= Northern High School (Baltimore) =

Public secondary school in Baltimore, Maryland, United States

Northern High School was a high school in the Baltimore City Public Schools system.

The school mascot was the Viking. The school yearbook was the Valhalla. The address was 2201 Pinewood Ave; Baltimore, MD 21214. The school colors were green and white, but some graduating year's also had their own mascot and colors. The school initially was to have 7 - 12th grades with a combined Junior and Senior High in the same building. It opened in September 1965 with 7th and 10th grades. Due to foreseen overcrowding September 1966 classes were 8th, 10th and 11th grades. September 1967 classes were for 9th, 10th, 11th and 12th grades. The first graduating class was June 1968. In September 1968 classes started with 10th 11th and 12th grades. In the 1960s the school was mostly college prep with a high percentage of students going on to college. There were also work study programs associated with the school.

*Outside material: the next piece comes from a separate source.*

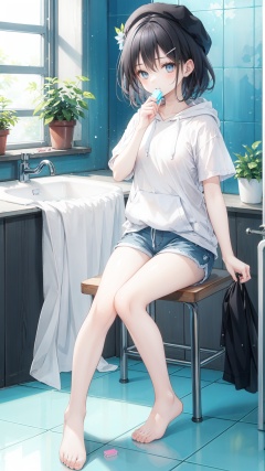 1girl,barefoot,tiles,hood,sitting,shorts,tile wall,indoors,short hair,hoodie,plant,cup,bathroom,holding,reflection,mirror,black hair,hair ornament,potted plant,holding cup,hood down,chair,short sleeves,sink,hairclip,knees up,washing machine,blue shorts,faucet,brushing teeth,tile floor,solo,towel,toothbrush,stool,bangs,hair between eyes,mug,white hoodie,hat,blush,drawstring,

To promote further integration among Black and White students, some Black and White students were bussed from other neighborhoods, helping to make it a more racially diverse school. The city of Baltimore had a policy of letting students pick their high school and many Blacks choose Northern High School. White students were given a limited choice. Students rode public buses for free, which helped if the chosen school was distant.

There were a number of sports teams: Football, basketball, baseball, soccer, swimming in a 4-lane pool (Division II undefeated in 1969), cross country running, track and field, volleyball, tennis, wrestling, gymnastics, softball and lacrosse. There were cheerleaders, a modern dance group, a jazz ensemble, chess club, and yearbook.

"Incognito" included student creative writing and students contributed to You're the Critic which featured critical reviews by Baltimore City High School students. There was also a student government.

A number of classes were available to students, such as: English, Geometry, Algebra, Trigonometry, Calculus, Social Studies, Biology, Art, Drama, Photography, Reading, French, Spanish, German, Typing, Sociology, Psychology, Drafting, and others. Some community college classes were offered after regular school hours on the Northern High School campus.

The class of 1969 had over 1,000 graduating students and was the largest graduating class on record at that time. For the class of 1977, the city comptroller, Hyman Pressman, read a poem for graduation.

Due to overcrowding in the 1970s in many Baltimore City Schools. There were at least 4 or more years starting in the late 60's at Northern High School when students attended on shifts all year, with juniors and seniors attending 8 A.M. to 2 P.M. with sophomores and lower grades initially attending 10 A.M. to 4 P.M. Lunch times were staggered from 10 A.M. to 2 P.M allowing the school to have sufficient class rooms for teaching. Starting in September 1968 Northern High School was a 3 year school. Many students transferred to Northern High School after Junior High School of grades 7, 8, and 9. During these times freshman who wanted to attend Northern could not and had to wait until their sophomore year due to the over crowding. Once enrollment went down below 2600 students, some extra classrooms were added in pods or trailers, during the summer of 1977, and the school was again full-time. Many students from the morning session went on directly into the workforce and many in the afternoon session went directly to college.

In 1997 the administration issued a wave of mass suspensions to members of the student body to try to curb discipline issues.

In 2002 the school system discontinued Northern High School and put Reginald F. Lewis High School and W.E.B. DuBois High School in the former Northern building.